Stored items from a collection
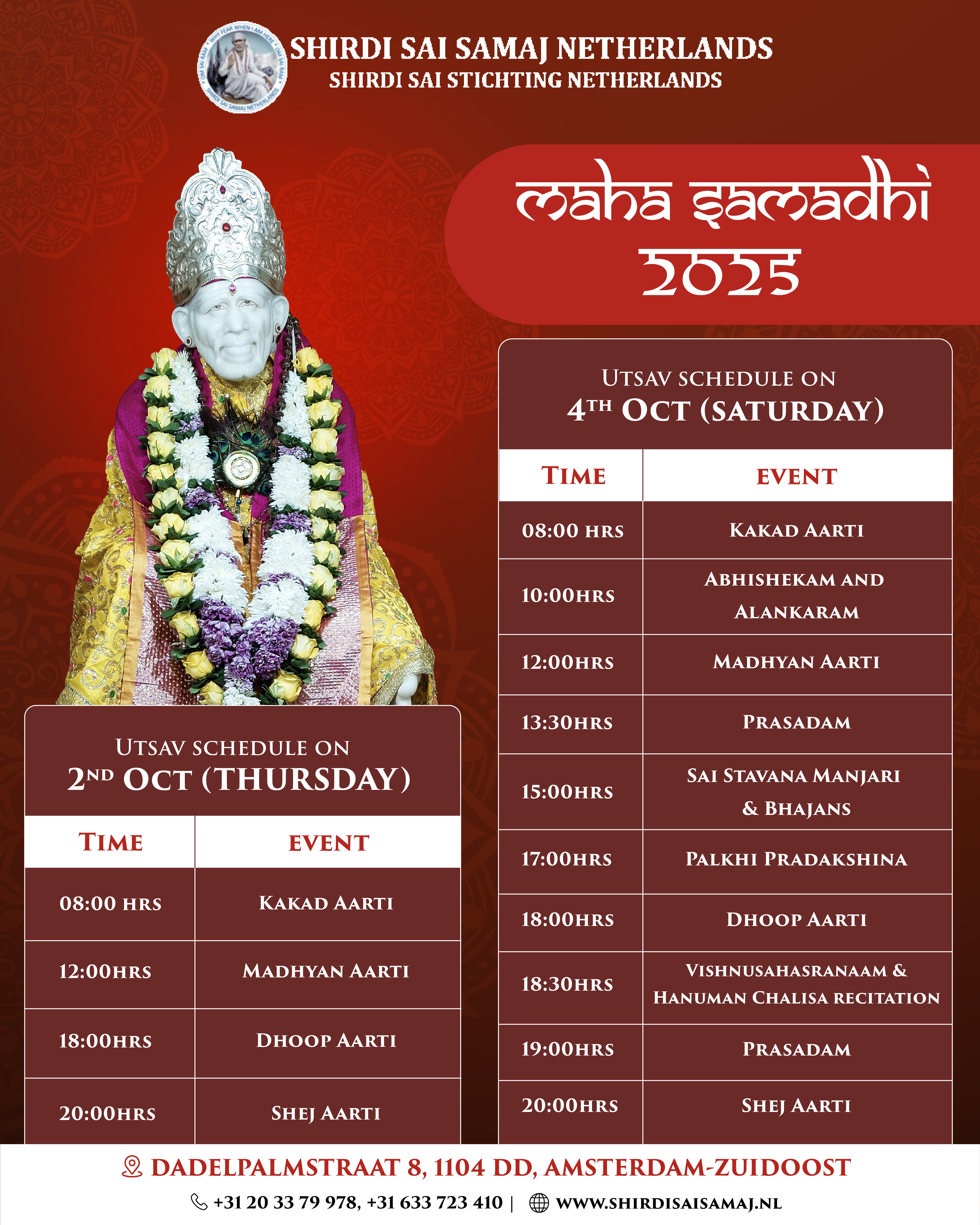 Shri Sai Punyathithi (Mahasamadhi day) 2nd Oct 2025 and 4th Oct 2025.
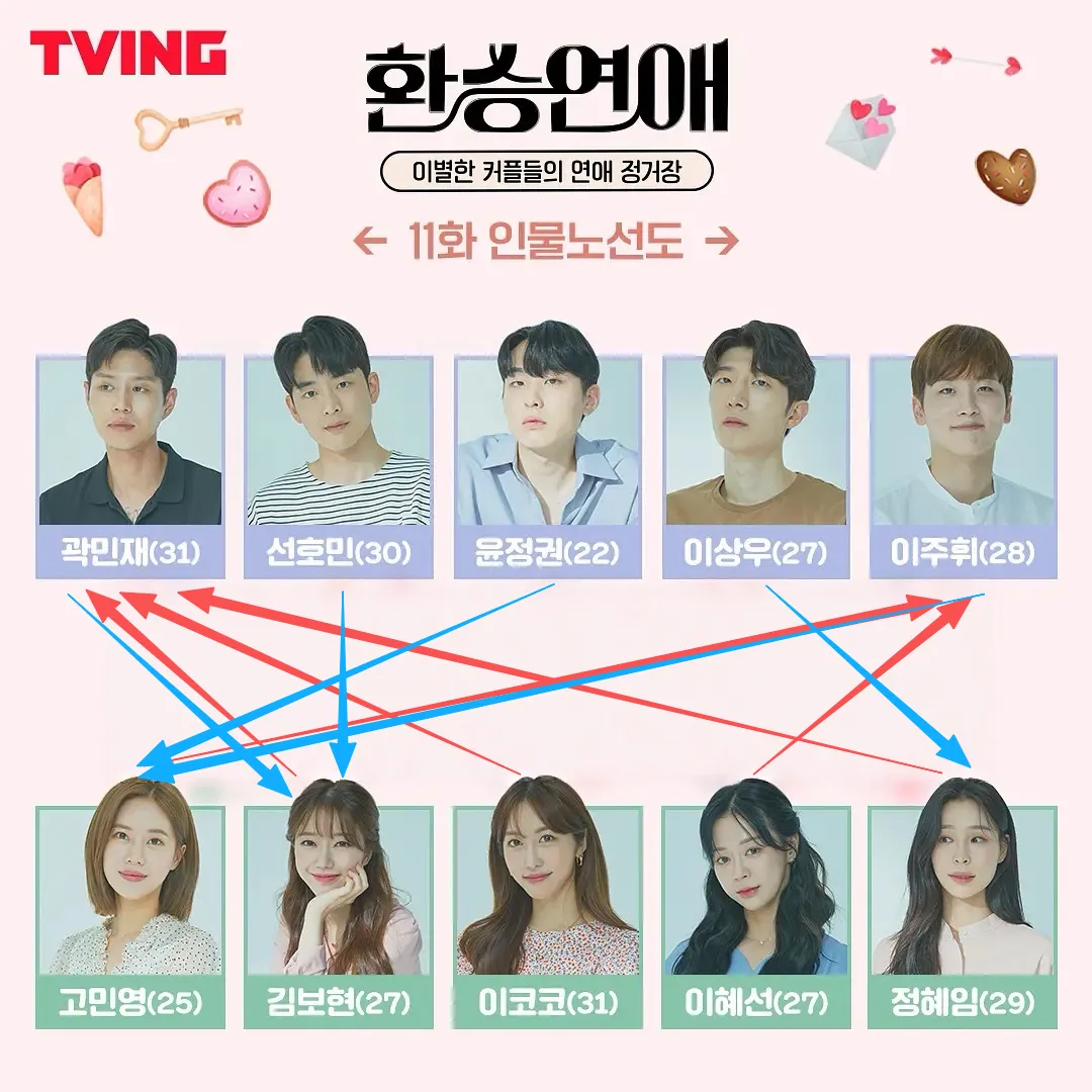 在首尔浩民明确地与宝玹划清界限,甚至说出“你真的很好这件事跟我觉得我们已经不合适是两码事”这种冷漠的话,普贤时常心痛流泪,但是到了济州岛后,浩民开始想起过去,直到最终选择,不放弃地希望可以挽回普贤。但在他俩拉扯纠结的过程中有一位珉在从始至终是普贤的向日葵,一如既往的选择普贤,最终不仅打动了观众也打动了普贤。最终43互选。另一位大女主可可,她聪明漂亮,有体面的工作,有优渥的家境,但是却常常获得0票...她跟珉在十年前美好的校园情侣,到现在互相支持,大概就是分手后最好的状态了吧。珉在那句安慰“在许多韩国人中这只是其中5位而已”,他们并不能代表什么,给了可可很有力的应援。最后可可做完终选那自由在路上开车的样子,让人替她开心。敏英前期跟正权互相暧昧拉扯,但是周辉又争又抢,坚定的选择敏英直到最后,敏英最后面对自己的内心选择周辉。惠善初期以为正权对自己旧情未完,实际正权慢慢被敏英吸引,独留惠善无法释怀,好在后期惠善转向周辉,奈何周辉就是为了敏英而来的...
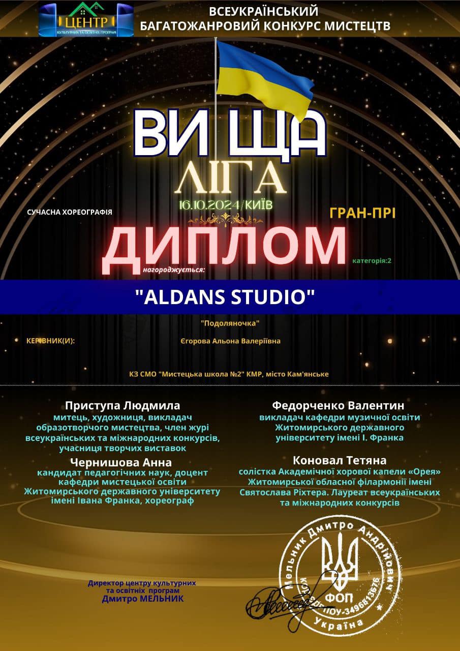 Ученики IV класса хореографического отделения приняли участие в номинации “Современная хореография”. Детский коллектив Aldans Studio был отмечен Гран-при (высшей наградой) за композицию “Подолянка”.
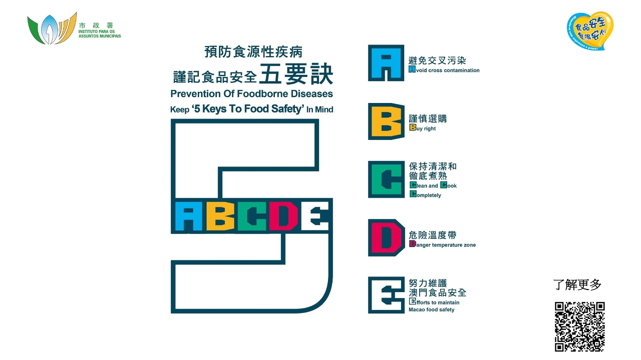 藉着世界食品安全日,市政署于食品安全资讯网站设置了专页https://www.foodsafety.gov.mo/c/fsevent/detail/8ae203c4-79b0-439c-8004-92f21a28c664,巿民透过专页,可以瞭解「世界食品安全日」的设立目的及主题意义等,同时学习「食品安全五要诀」(ABCDE)的详细内容,传递避免交叉污染(Avoid Cross Contamination)、谨慎选购(Buy Right)、保持清洁和彻底煮熟(Clean and Cook Completely)、危险温度带(Danger Temperature Zone)以及努力维护澳门食品安全(Efforts to maintain Macao food safety)等重要概念,并设多语文版本,透过宣导单张以及动画短片等,让公众轻松学习、掌握食安控制要点,灵活地应用于日常生活、生产中,提升食安意识及食安管理成效,降低食品安全的风险。
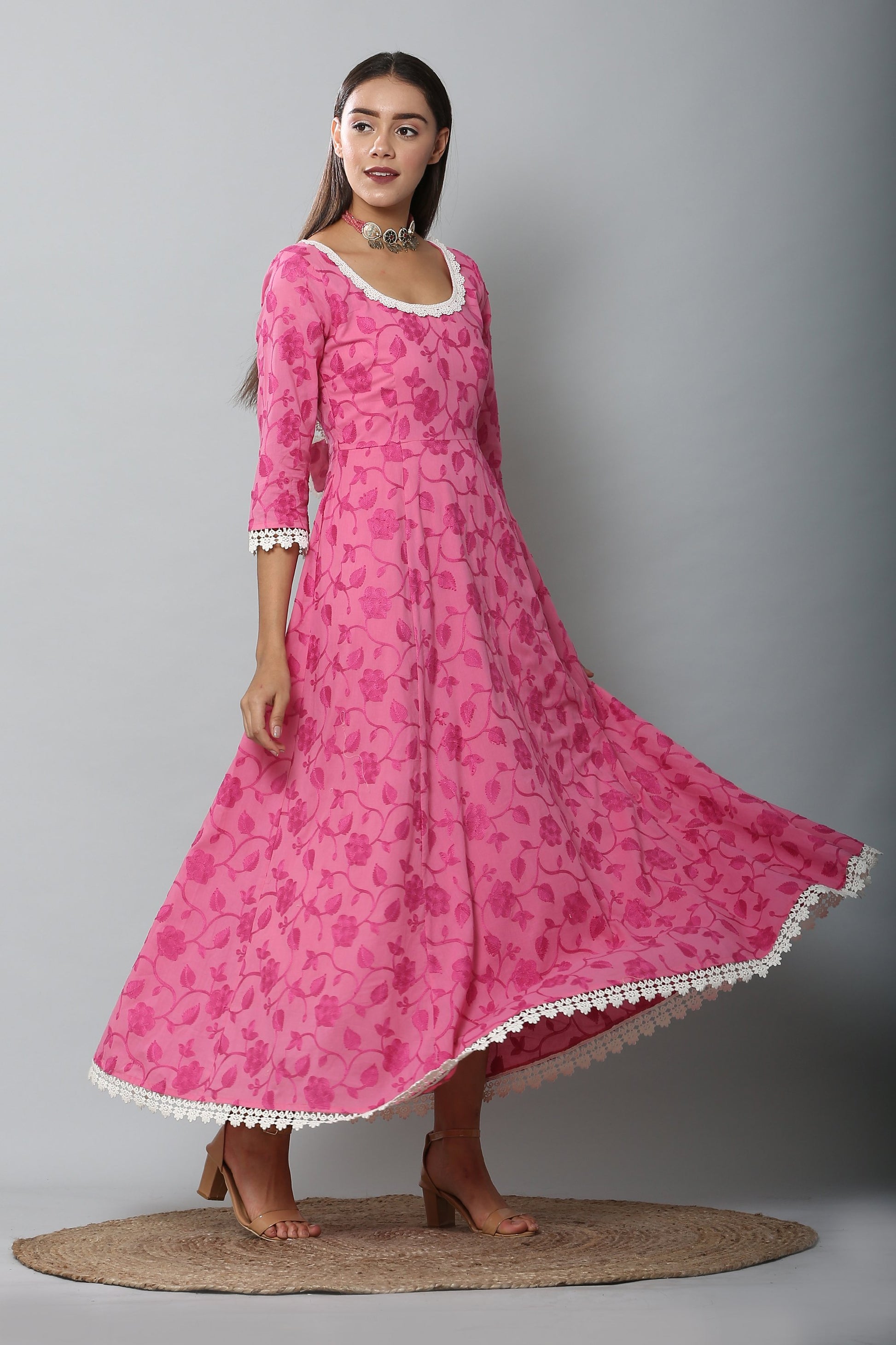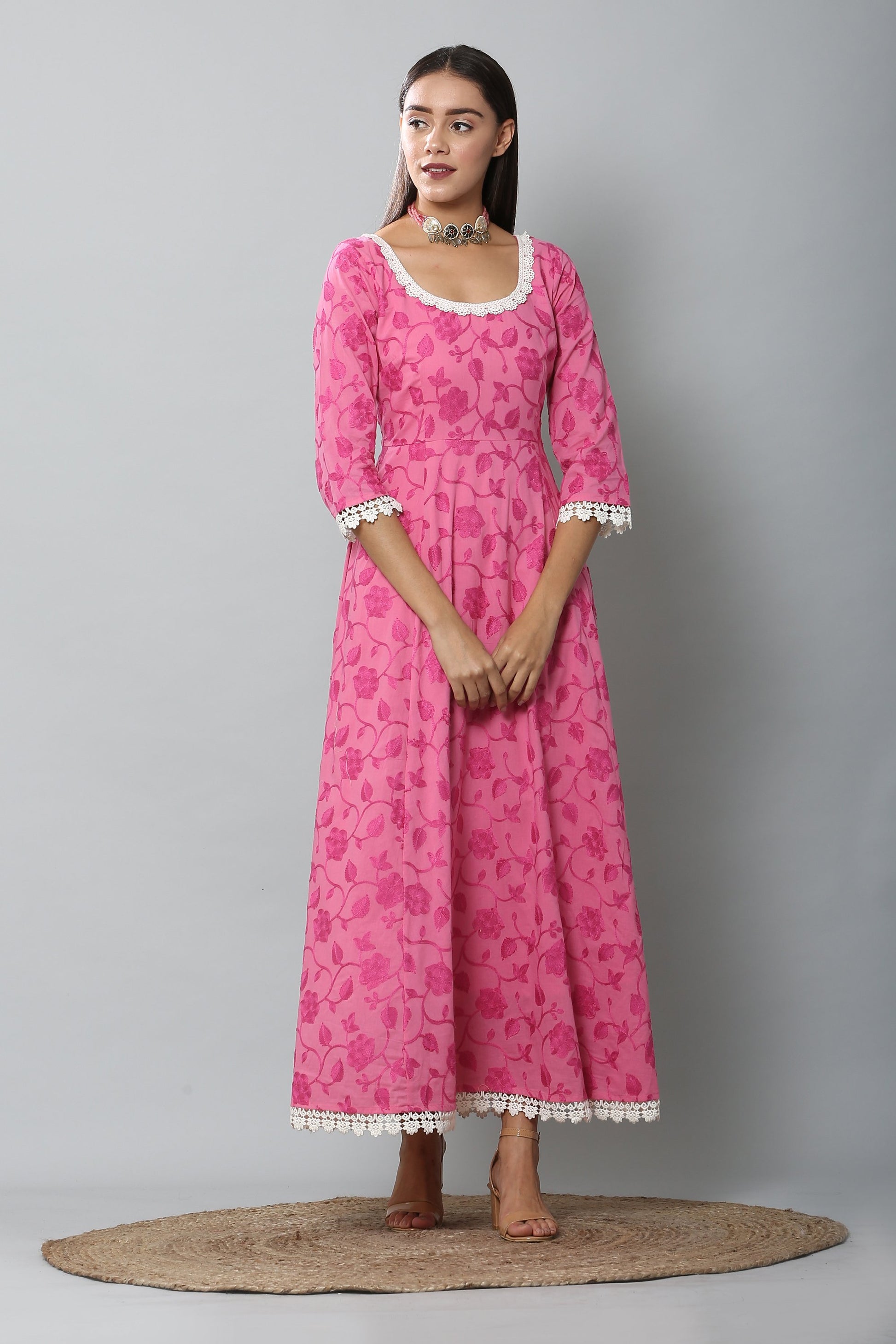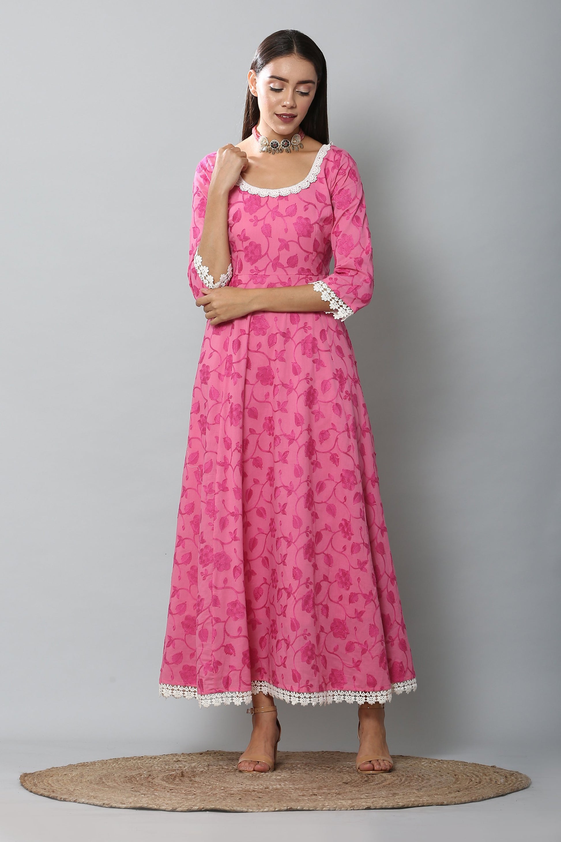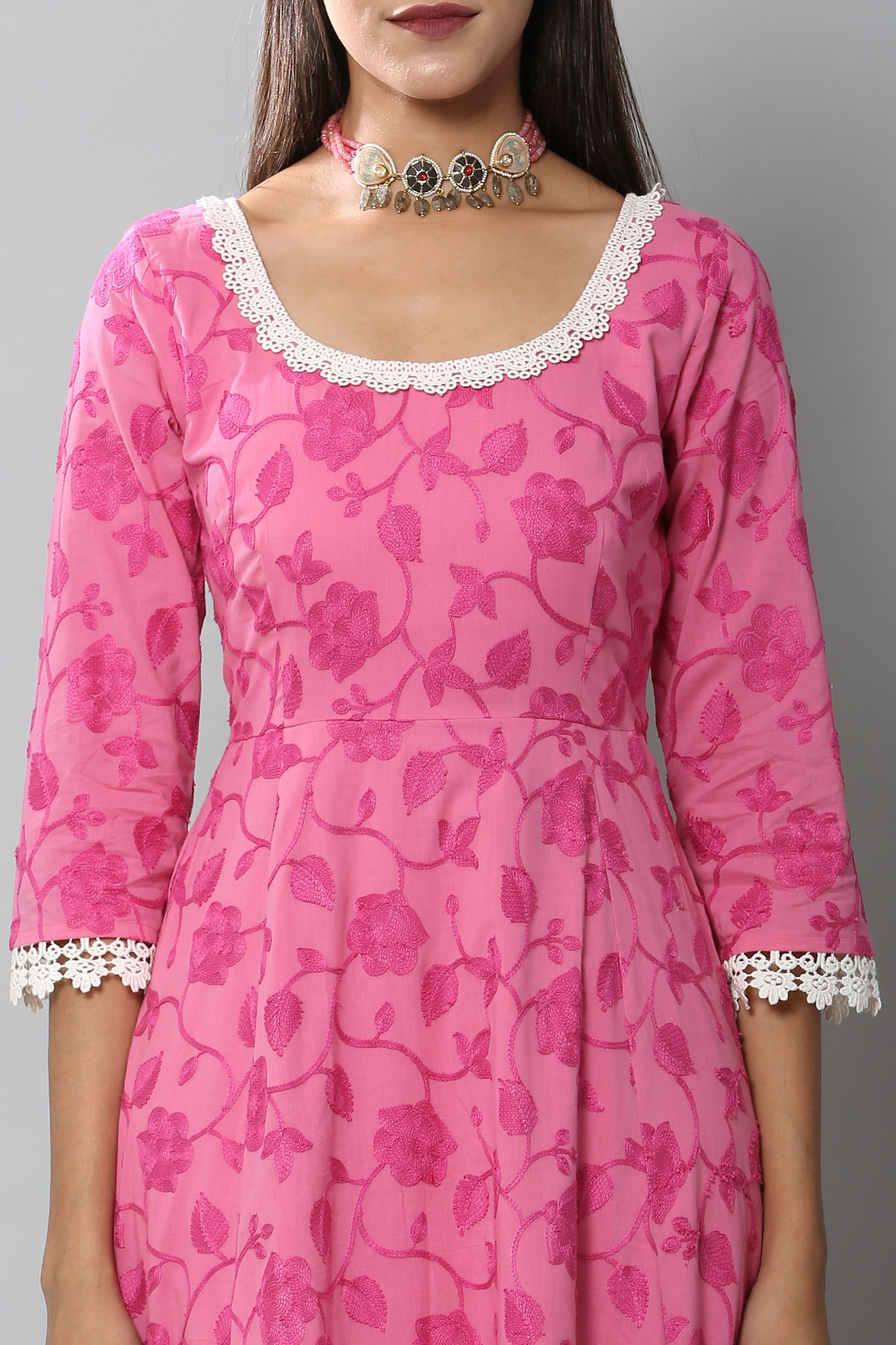 Inspired by Indian crafts, this kurta from SEW is a perfect combination of traditional fabric and modern cuts. Made from beautiful fuschia chain stitch embroidery cotton fabric, this kurta has round neck and quarter sleeves embossed with beautiful lace that makes it visually stunning, while the chhiffon dupatta outlined with lace adds oodles of style. Pair it with silver jewellery and let the monotone of the set elevate your style quotient.

**TASK GOAL:** Skip the pictures and output all entries exactly.

**EXERCISE OUTPUT:**
 Shri Sai Punyathithi (Mahasamadhi day) 2nd Oct 2025 and 4th Oct 2025.
 在首尔浩民明确地与宝玹划清界限,甚至说出“你真的很好这件事跟我觉得我们已经不合适是两码事”这种冷漠的话,普贤时常心痛流泪,但是到了济州岛后,浩民开始想起过去,直到最终选择,不放弃地希望可以挽回普贤。但在他俩拉扯纠结的过程中有一位珉在从始至终是普贤的向日葵,一如既往的选择普贤,最终不仅打动了观众也打动了普贤。最终43互选。另一位大女主可可,她聪明漂亮,有体面的工作,有优渥的家境,但是却常常获得0票...她跟珉在十年前美好的校园情侣,到现在互相支持,大概就是分手后最好的状态了吧。珉在那句安慰“在许多韩国人中这只是其中5位而已”,他们并不能代表什么,给了可可很有力的应援。最后可可做完终选那自由在路上开车的样子,让人替她开心。敏英前期跟正权互相暧昧拉扯,但是周辉又争又抢,坚定的选择敏英直到最后,敏英最后面对自己的内心选择周辉。惠善初期以为正权对自己旧情未完,实际正权慢慢被敏英吸引,独留惠善无法释怀,好在后期惠善转向周辉,奈何周辉就是为了敏英而来的...
 Ученики IV класса хореографического отделения приняли участие в номинации “Современная хореография”. Детский коллектив Aldans Studio был отмечен Гран-при (высшей наградой) за композицию “Подолянка”.
 藉着世界食品安全日,市政署于食品安全资讯网站设置了专页https://www.foodsafety.gov.mo/c/fsevent/detail/8ae203c4-79b0-439c-8004-92f21a28c664,巿民透过专页,可以瞭解「世界食品安全日」的设立目的及主题意义等,同时学习「食品安全五要诀」(ABCDE)的详细内容,传递避免交叉污染(Avoid Cross Contamination)、谨慎选购(Buy Right)、保持清洁和彻底煮熟(Clean and Cook Completely)、危险温度带(Danger Temperature Zone)以及努力维护澳门食品安全(Efforts to maintain Macao food safety)等重要概念,并设多语文版本,透过宣导单张以及动画短片等,让公众轻松学习、掌握食安控制要点,灵活地应用于日常生活、生产中,提升食安意识及食安管理成效,降低食品安全的风险。
 Inspired by Indian crafts, this kurta from SEW is a perfect combination of traditional fabric and modern cuts. Made from beautiful fuschia chain stitch embroidery cotton fabric, this kurta has round neck and quarter sleeves embossed with beautiful lace that makes it visually stunning, while the chhiffon dupatta outlined with lace adds oodles of style. Pair it with silver jewellery and let the monotone of the set elevate your style quotient.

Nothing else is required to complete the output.